/---
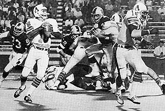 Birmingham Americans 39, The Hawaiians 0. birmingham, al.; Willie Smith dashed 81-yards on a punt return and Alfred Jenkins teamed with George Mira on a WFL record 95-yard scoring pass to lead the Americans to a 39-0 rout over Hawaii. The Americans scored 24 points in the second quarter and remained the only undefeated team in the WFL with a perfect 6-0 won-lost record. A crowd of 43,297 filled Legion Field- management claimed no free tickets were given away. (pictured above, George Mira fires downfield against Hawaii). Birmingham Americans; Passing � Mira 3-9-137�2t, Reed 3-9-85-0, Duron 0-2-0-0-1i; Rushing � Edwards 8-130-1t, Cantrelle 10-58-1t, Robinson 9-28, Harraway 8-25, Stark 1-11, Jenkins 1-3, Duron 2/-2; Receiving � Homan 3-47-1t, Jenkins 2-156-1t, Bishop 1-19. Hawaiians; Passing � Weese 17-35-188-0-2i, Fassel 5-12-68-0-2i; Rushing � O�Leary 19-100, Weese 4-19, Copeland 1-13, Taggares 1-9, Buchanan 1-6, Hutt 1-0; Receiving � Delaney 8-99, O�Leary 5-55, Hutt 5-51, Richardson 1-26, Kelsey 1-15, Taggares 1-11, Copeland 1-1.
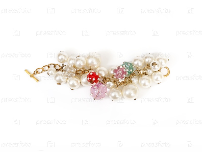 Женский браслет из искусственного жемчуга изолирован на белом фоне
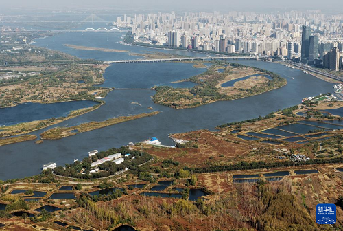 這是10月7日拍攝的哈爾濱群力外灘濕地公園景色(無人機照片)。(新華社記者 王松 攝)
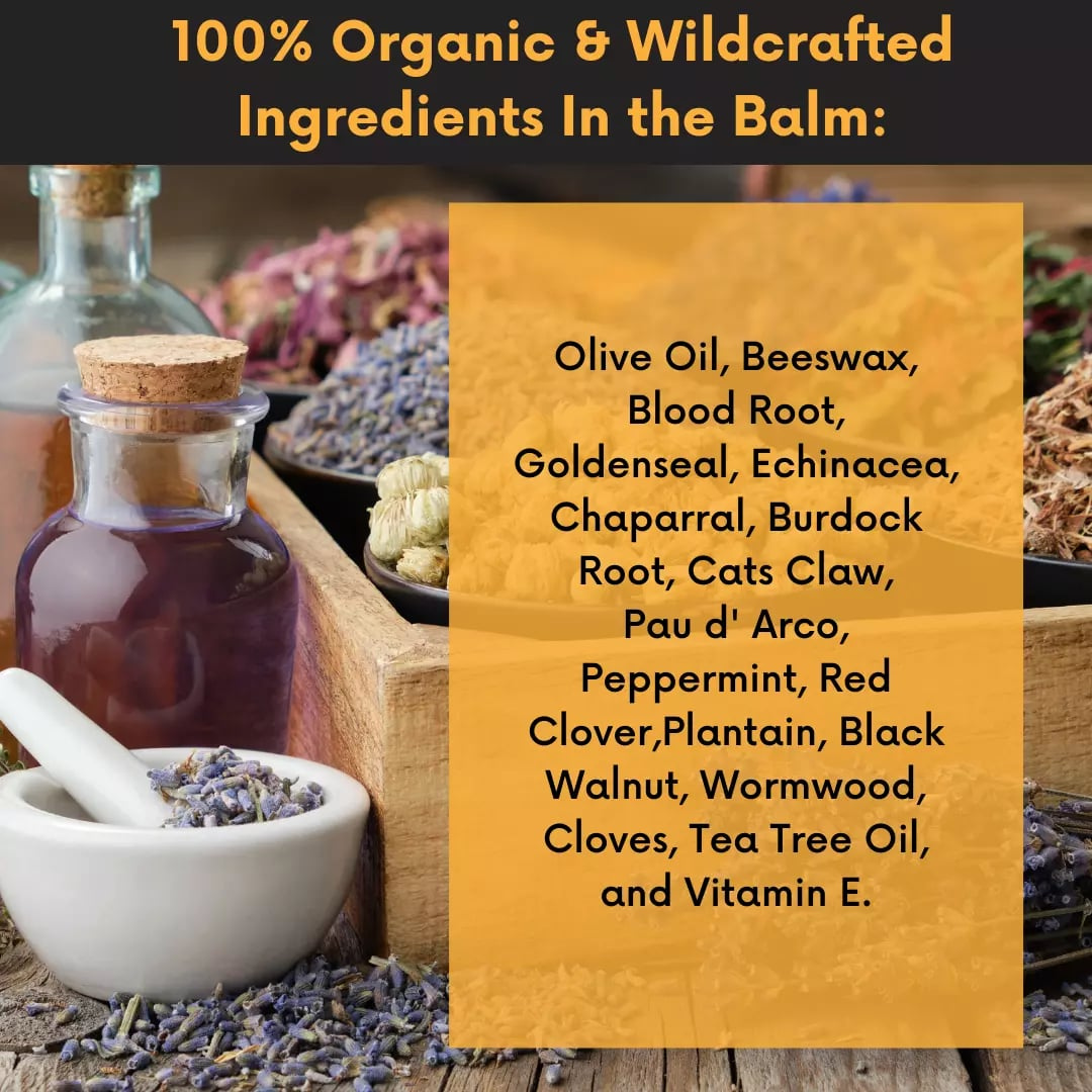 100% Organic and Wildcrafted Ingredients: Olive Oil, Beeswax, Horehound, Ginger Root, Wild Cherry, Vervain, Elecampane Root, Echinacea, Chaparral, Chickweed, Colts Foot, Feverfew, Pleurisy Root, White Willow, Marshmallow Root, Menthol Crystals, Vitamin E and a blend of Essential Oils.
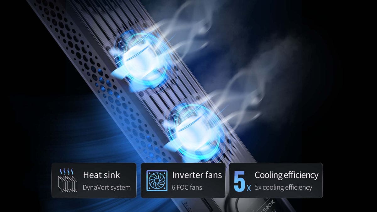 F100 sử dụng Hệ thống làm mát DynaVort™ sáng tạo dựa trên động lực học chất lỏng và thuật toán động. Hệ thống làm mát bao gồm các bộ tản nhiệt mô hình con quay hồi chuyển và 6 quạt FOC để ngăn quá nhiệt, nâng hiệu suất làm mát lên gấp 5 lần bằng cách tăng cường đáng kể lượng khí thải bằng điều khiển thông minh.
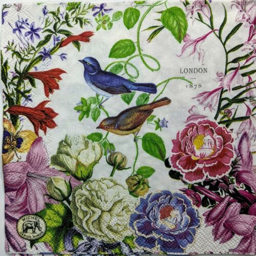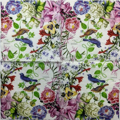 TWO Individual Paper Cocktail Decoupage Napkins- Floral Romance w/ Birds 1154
\---
Problem description:
Where a picture appears, skip it and copy the rest of the data word for word.

Solved problem:
 Birmingham Americans 39, The Hawaiians 0. birmingham, al.; Willie Smith dashed 81-yards on a punt return and Alfred Jenkins teamed with George Mira on a WFL record 95-yard scoring pass to lead the Americans to a 39-0 rout over Hawaii. The Americans scored 24 points in the second quarter and remained the only undefeated team in the WFL with a perfect 6-0 won-lost record. A crowd of 43,297 filled Legion Field- management claimed no free tickets were given away. (pictured above, George Mira fires downfield against Hawaii). Birmingham Americans; Passing � Mira 3-9-137�2t, Reed 3-9-85-0, Duron 0-2-0-0-1i; Rushing � Edwards 8-130-1t, Cantrelle 10-58-1t, Robinson 9-28, Harraway 8-25, Stark 1-11, Jenkins 1-3, Duron 2/-2; Receiving � Homan 3-47-1t, Jenkins 2-156-1t, Bishop 1-19. Hawaiians; Passing � Weese 17-35-188-0-2i, Fassel 5-12-68-0-2i; Rushing � O�Leary 19-100, Weese 4-19, Copeland 1-13, Taggares 1-9, Buchanan 1-6, Hutt 1-0; Receiving � Delaney 8-99, O�Leary 5-55, Hutt 5-51, Richardson 1-26, Kelsey 1-15, Taggares 1-11, Copeland 1-1.
 Женский браслет из искусственного жемчуга изолирован на белом фоне
 這是10月7日拍攝的哈爾濱群力外灘濕地公園景色(無人機照片)。(新華社記者 王松 攝)
 100% Organic and Wildcrafted Ingredients: Olive Oil, Beeswax, Horehound, Ginger Root, Wild Cherry, Vervain, Elecampane Root, Echinacea, Chaparral, Chickweed, Colts Foot, Feverfew, Pleurisy Root, White Willow, Marshmallow Root, Menthol Crystals, Vitamin E and a blend of Essential Oils.
 F100 sử dụng Hệ thống làm mát DynaVort™ sáng tạo dựa trên động lực học chất lỏng và thuật toán động. Hệ thống làm mát bao gồm các bộ tản nhiệt mô hình con quay hồi chuyển và 6 quạt FOC để ngăn quá nhiệt, nâng hiệu suất làm mát lên gấp 5 lần bằng cách tăng cường đáng kể lượng khí thải bằng điều khiển thông minh.
 TWO Individual Paper Cocktail Decoupage Napkins- Floral Romance w/ Birds 1154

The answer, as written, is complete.